Next CEO says trading remains 'very volatile'
LONDON (Reuters) - Fashion retailer Next's Chief Executive Simon Wolfson said on Wednesday trading remained "very volatile".
"We've seen increasing volatility over the last six months to a year. The good weeks are very good and the bad weeks are very bad," he told Reuters in an interview after the retailer posted a 12.4 percent fall in pretax profit for the first-half to end-July and reiterated its cautious outlook.
Next, the country's second-largest clothing retailer by sales, did not publish a formal current trading statement.
However, asked about trading in August, Wolfson said: "On the whole poor weather at the time of launching Autumn/Winter ranges is a good thing."

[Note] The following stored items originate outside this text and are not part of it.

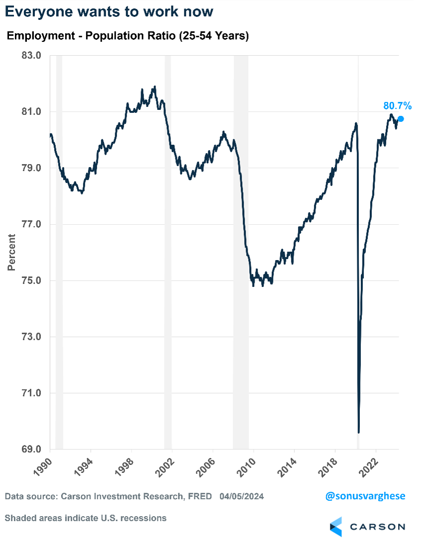 The unemployment rate had risen from 3.4% last April to 3.9% in February, raising concerns among some investors. There was a welcome pullback to 3.8% in March. That’s still higher than a year ago, but not by much. Moreover, higher rates of immigration are increasing the supply of workers, and there’s a lag between when new immigrants enter the workforce and how quickly they find jobs. In any case, I prefer the “prime-age” employment-population ratio, which shows how many people in their prime working years (25-54) are employed relative to the population. The measure is at 80.7%, exactly where it was a year ago and higher than at any point between July 2001 and February 2020. That shows how strong the labor market and economy are, with a higher proportion of prime-age adults working now than over the last two expansions.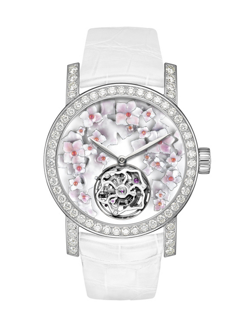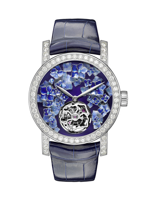 此系列的镶钻白金手表表盘展示了陀飞轮的机械装置。陀飞轮设于6时位置,并以大明火珐琅艺术为背景及绣球花的花冠作点缀;每朵绣球花均经过雕琢和手工雕刻,花蕊饰有银色铝箔珐琅。表底是一块蓝宝石玻璃,让人观赏内置的CP12V-X手动上链机械机芯 – 上盘及主机板上的绣球花设计。鱷鱼皮表带与针式表扣也饰以白金和镶钻的绣球花,为这些精致的手表作品添上完美的句点。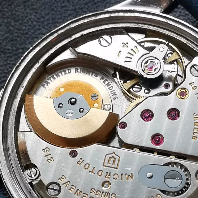 재미있는 사실은 cal.215의 개발 시점보다 1년 빠른 1954년에 최초로 마이크로 로터 무브먼트를 개발했던 뷰렌(Buren)사에서 유니버설 제네바를 특허권 침해로 고소했는데, 그 소송에서 유니버설 제네바가 패소하면서 로터 뒷 쪽에 위 사진처럼 ‘Patented Rights Pending(특허권 계류 중)’이라는 낙인을 찍어야 했다는 점입니다. 하지만 유니버설 제네바는 1958년에 독자적인 특허를 인정받으며 뷰렌과 함께 마이크로 로터 무브먼트의 강자로 자리잡게 됩니다.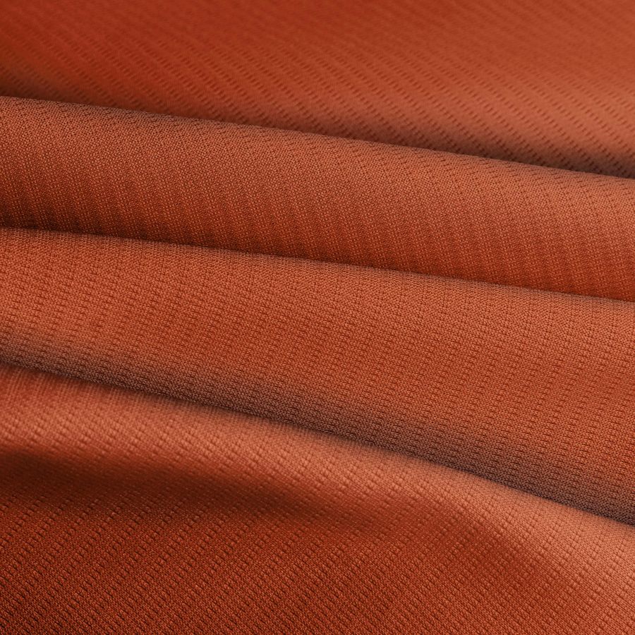 El tejido técnico transpirable - Fresh, de composición 100% poliéster, presenta un gramaje de 135 gr/m2 y un ancho de 150 cm. El color liso impreso es rojo oscuro, cuyo CMYK es 25 85 100 21. Es un color intenso y profundo, que representa la pasión y el poder. Combina muy bien con matices dorados, plateados y beige. Además, funciona con colores más claros como el orquídea, el rosa y el azul cielo.

The retailer does not anticipate any recovery in UK consumer spending during the next six months but still expects to meet analysts' full-year to end-Jan 2009 pretax profit forecasts of 400 million pounds to 440 million pounds.
"I don't think they (trading conditions) are necessarily going to get worse, I can't see any immediate improvement," Wolfson said.
At 07:17 a.m. shares in Next were down 39 pence, or 3.4 percent, at 1104 pence, valuing the business at 2.45 billion pounds.
The group's shares have halved in value over the last year, underperforming the DJ Stoxx European retail index .SXRP by 24 percent.